Intuition: think of neural TTS as ASR run backwards. ASR is audio → spectrogram → text; TTS is text → spectrogram → audio. The mel-spectrogram is the shared “interlingua” in the middle of both pipelines.

21.4 — Speaker identification & diarization

So far we asked what was said. Now we ask who said it. The key idea is the speaker embedding: a fixed-length vector (a d-vector or x-vector) that captures the unique timbre of a voice, learned so that two clips from the same person land close together and clips from different people land far apart — the same metric-learning idea as face recognition.
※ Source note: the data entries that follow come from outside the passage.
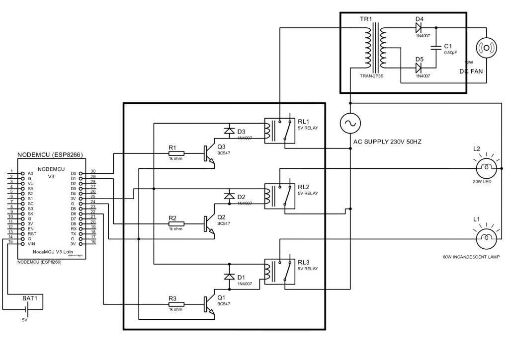OFF as per the users request to the Google Assistant. The microcontroller used is NodeMCU (ESP8266)
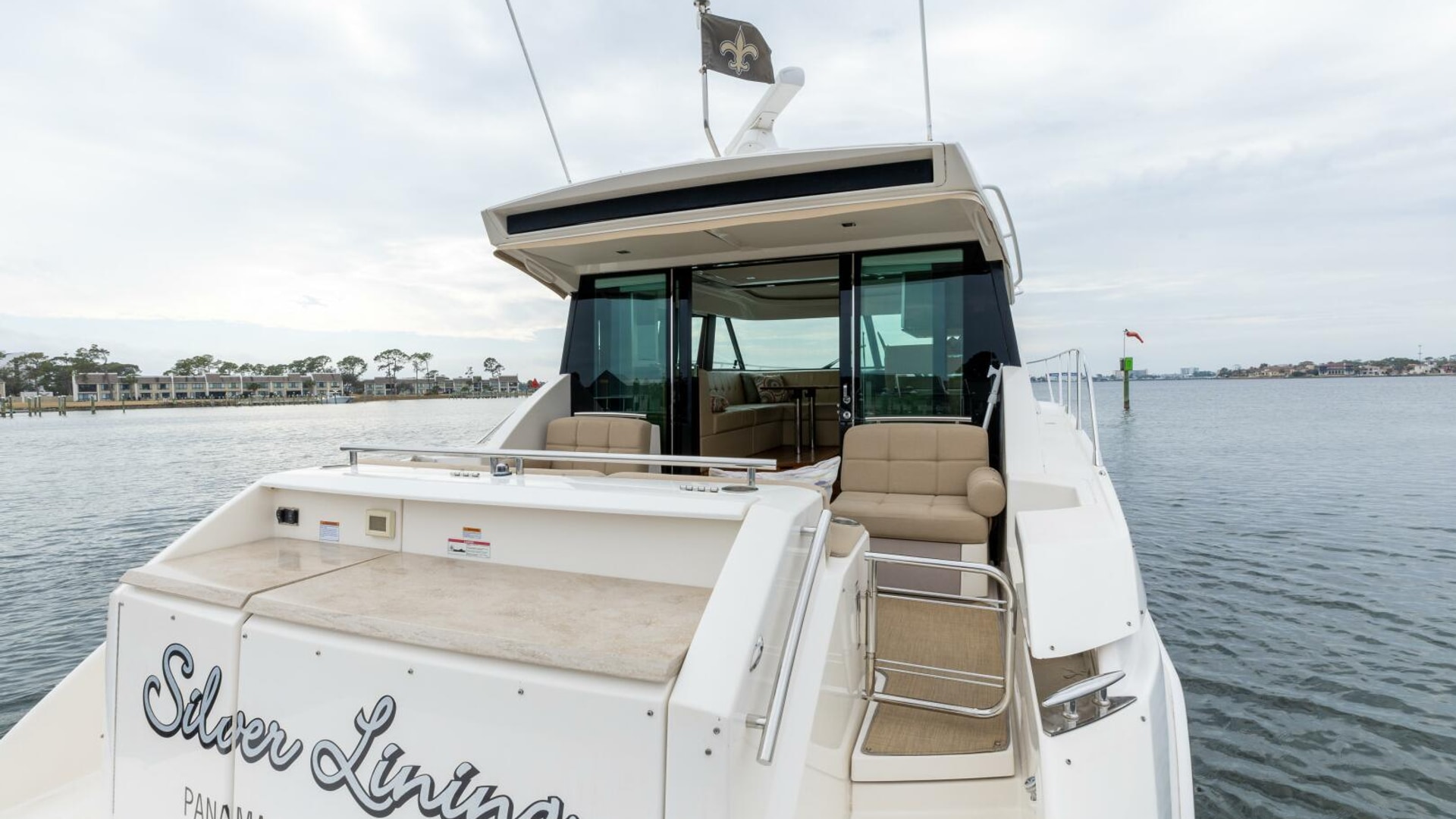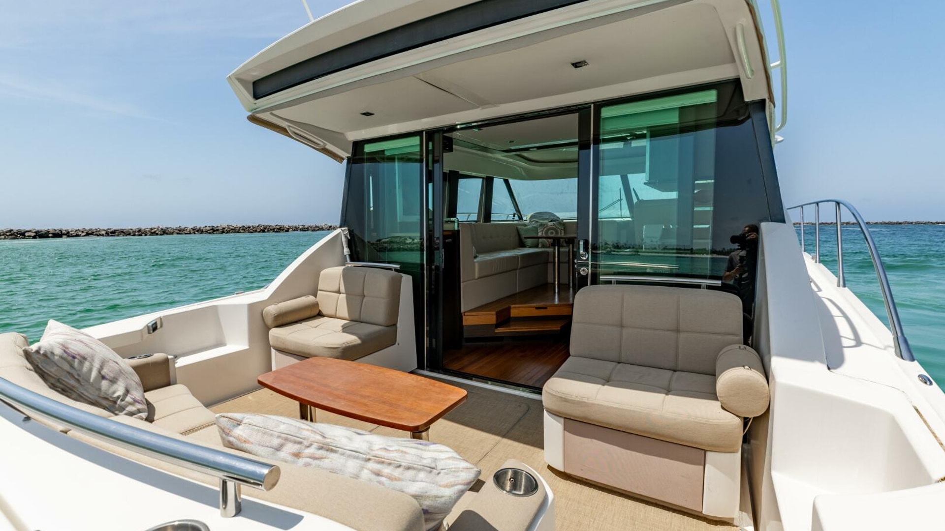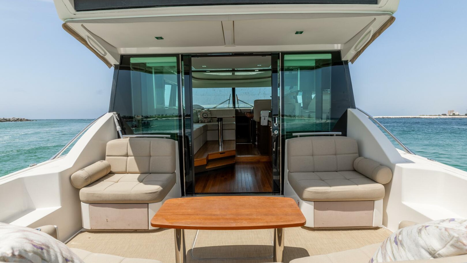 - Aft window & sliding doors with duette blinds
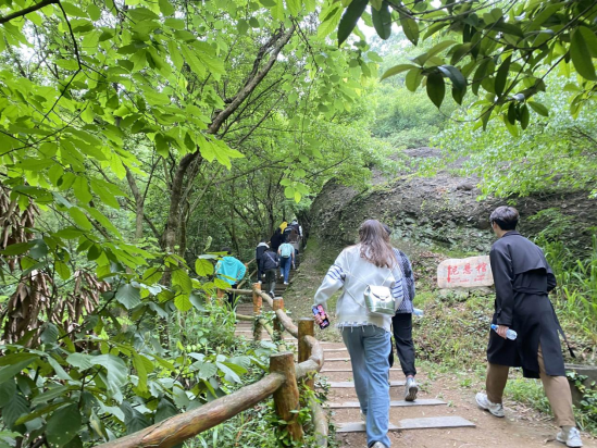 绿色健康毅行,再走革命路。为了切身体会革命先烈在大山之间的艰苦生活,团员青年进行了“再走革命路”健康毅行活动。一路上大家彼此帮助、相互鼓励,沿着蜿蜒的山路不断向上。历经2个多小时的跋涉,全体团员青年成功抵达山顶。立于山顶,长风扑面,放眼四望,巍巍群山尽收眼底,一时间,感叹祖国山河壮丽的自豪之情油然而生,大家情不自禁地吟出“会当凌绝顶,一览众山小”“江山如此多娇”等诗句,用最“纯情”的方式,向伟大祖国“告白”。
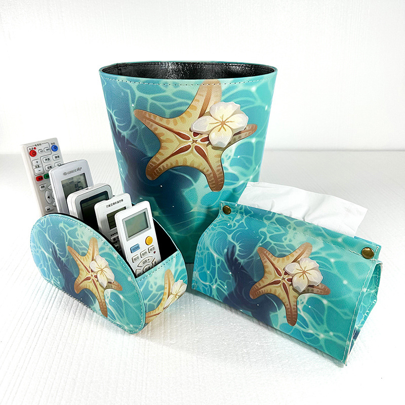 リビングリモコン革収納ボックス家庭用海洋シリーズゴミ箱収納ボックスティッシュバッグ三点セット
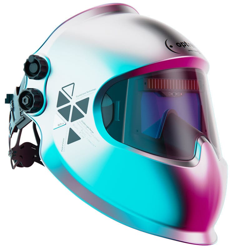 The Optrel® Panoramaxx CLT Silver auto-darkening welding hood features Crystal shade 2.0 light state that is unmatched in the world for color and clarity and provides up to 6X the viewing area of a standard 2" X 4" auto-dark welding lens. The key to this revolutionary technology is the size and shape of the ADF, coupled with the unique Panoramaxx shell design, which allows the welding lens to be positioned closer to your face. The Panoramaxx also has advanced features like SHADETRONIC®, which automatically adjusts the shade level based on the brightness of the arc and True Color, which allows for realistic color perception in light or dark states.
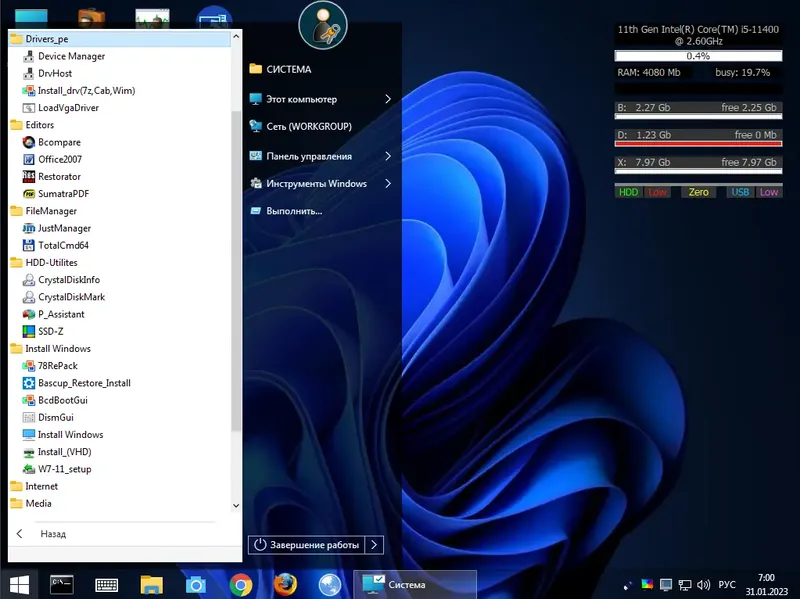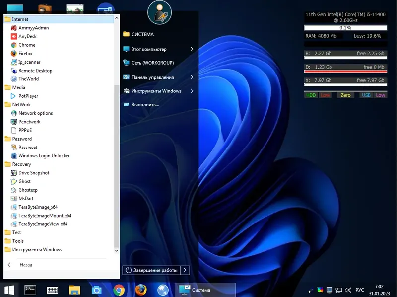 Программное обеспечение Windows представляет собой загрузочный диск на базе Windows 10/11 PE, предназначенный для обслуживания компьютеров. Он включает инструменты для работы с жесткими дисками, разделами, резервного копирования и восстановления данных, диагностики системы и восстановления информации. Такой образ системы идеально подходит для специалистов и пользователей, которым необходим быстрый доступ к важным утилитам без полной установки операционной системы.
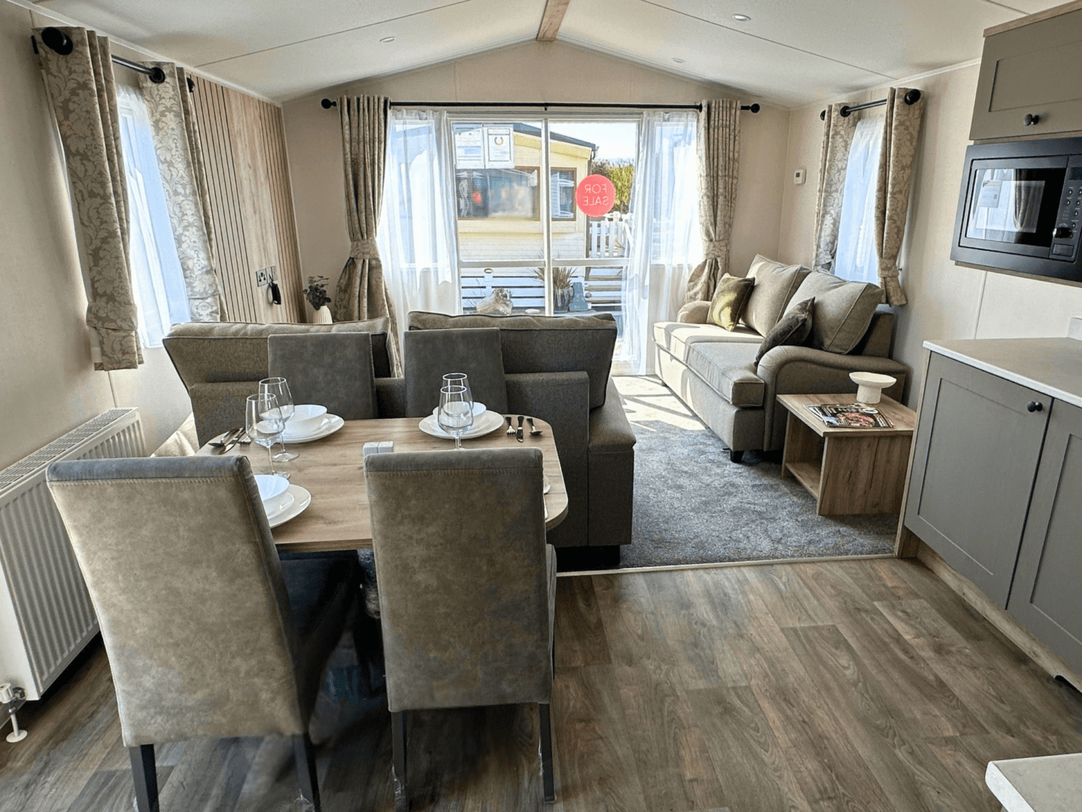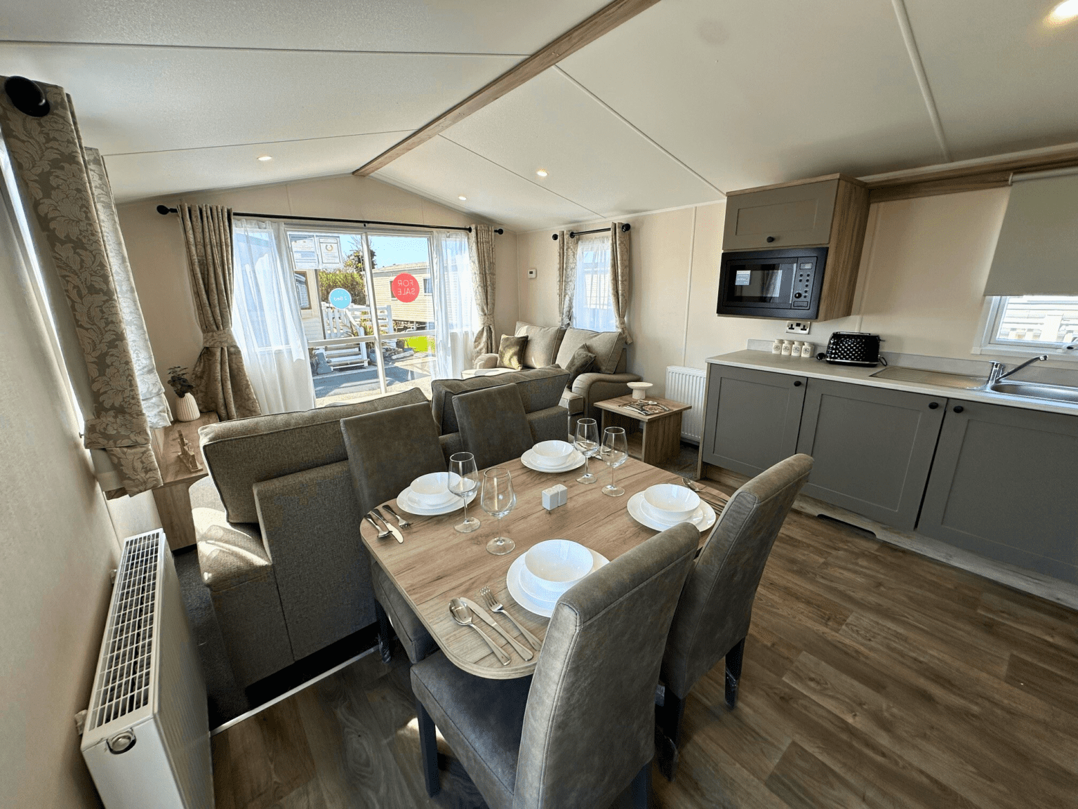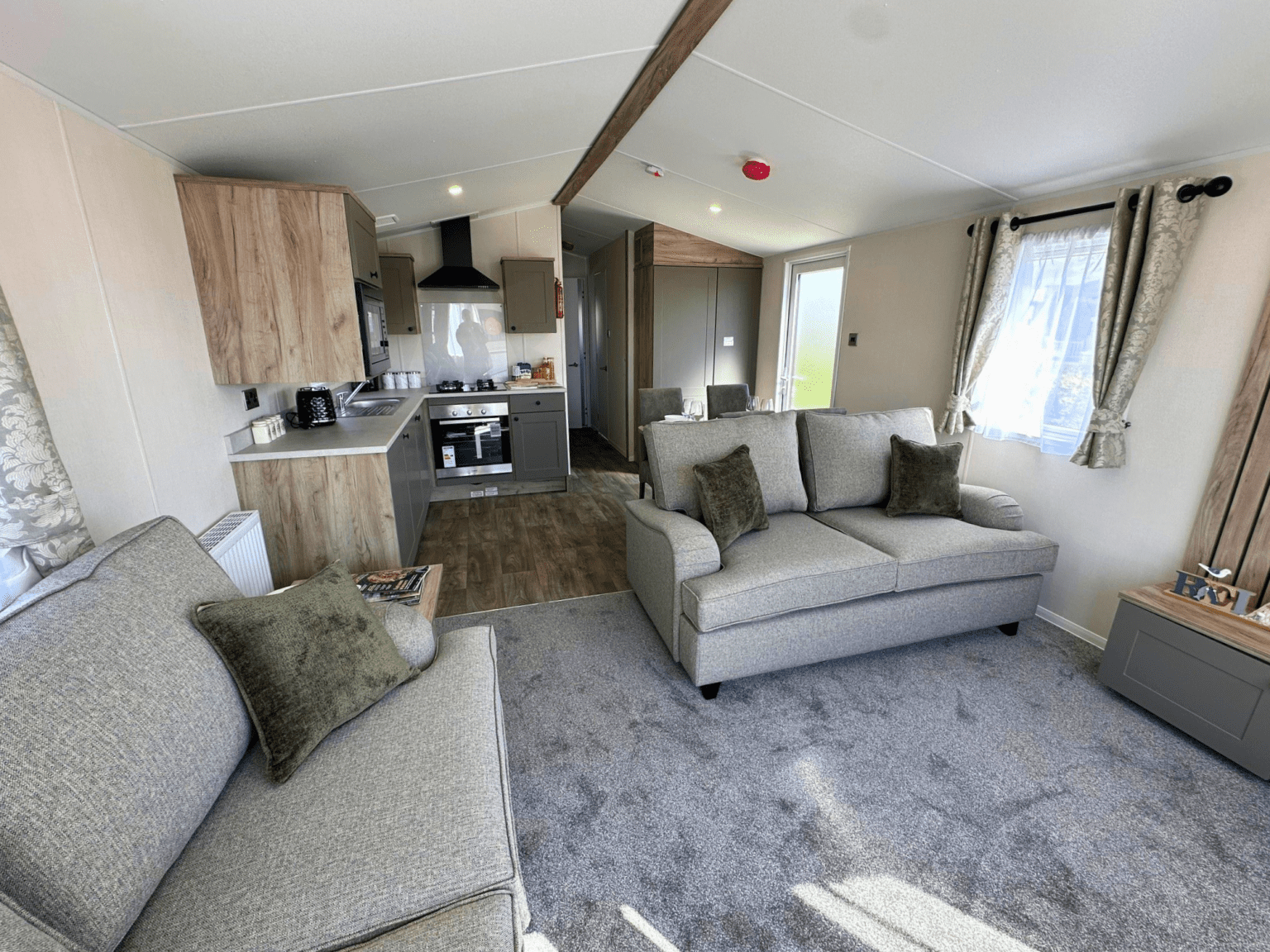 This spacious holiday home offers open-plan living, modern interiors, central heating and exceptional comfort for effortless holiday escapes.

Three related tasks build on this:

Speaker verification (1-to-1): “Is this the enrolled user?” Compare the new clip’s embedding to the enrolled one via cosine similarity, and accept if it is above a threshold. This is voice unlock.
Speaker identification (1-to-N): “Which of my N known speakers is this?” Pick the nearest enrolled embedding.
Speaker diarization: “Who spoke when?” Given a meeting recording with unknown speakers, segment it and label each segment — Speaker A, Speaker B… The classic approach slices audio into short windows, embeds each, then clusters the embeddings; each cluster becomes one speaker.

The comparison engine for all three is cosine similarity:

\[\cos(\mathbf{a}, \mathbf{b}) = \frac{\mathbf{a} \cdot \mathbf{b}}{\lVert \mathbf{a}\rVert \, \lVert \mathbf{b}\rVert}\]

In words: measure the angle between two voice vectors — point the same direction (score near 1) and it’s likely the same speaker; point in unrelated directions (score near 0) and it’s someone else, regardless of how loud either recording was. Also written: $\cos(\mathbf{a},\mathbf{b}) = \hat{\mathbf{a}} \cdot \hat{\mathbf{b}}$, the plain dot product of the two vectors after each is scaled to unit length — which is why only direction, not magnitude, matters.

Worked example of verification with embeddings:

import numpy as np
def cos(a, b): return a@b / (np.linalg.norm(a)*np.linalg.norm(b))
enrolled = np.array([0.9, 0.1, 0.4])   # x-vector of the real user
same     = np.array([0.8, 0.2, 0.5])   # same user, new recording
impostor = np.array([0.1, 0.9, 0.2])   # someone else
print(round(cos(enrolled, same), 2))      # 0.97 -> above 0.7 threshold -> ACCEPT
print(round(cos(enrolled, impostor), 2))  # 0.45 -> below threshold -> REJECT

A diarization pipeline ties it together:

flowchart LR
  A[Meeting audio] --> B["VAD:<br/>drop silence"]
  B --> C["Slice into<br/>1-2 s windows"]
  C --> D["Embed each window<br/>(x-vector)"]
  D --> E["Cluster embeddings"]
  E --> F["Label who spoke when<br/>Spk A: 0-4s, Spk B: 4-9s"]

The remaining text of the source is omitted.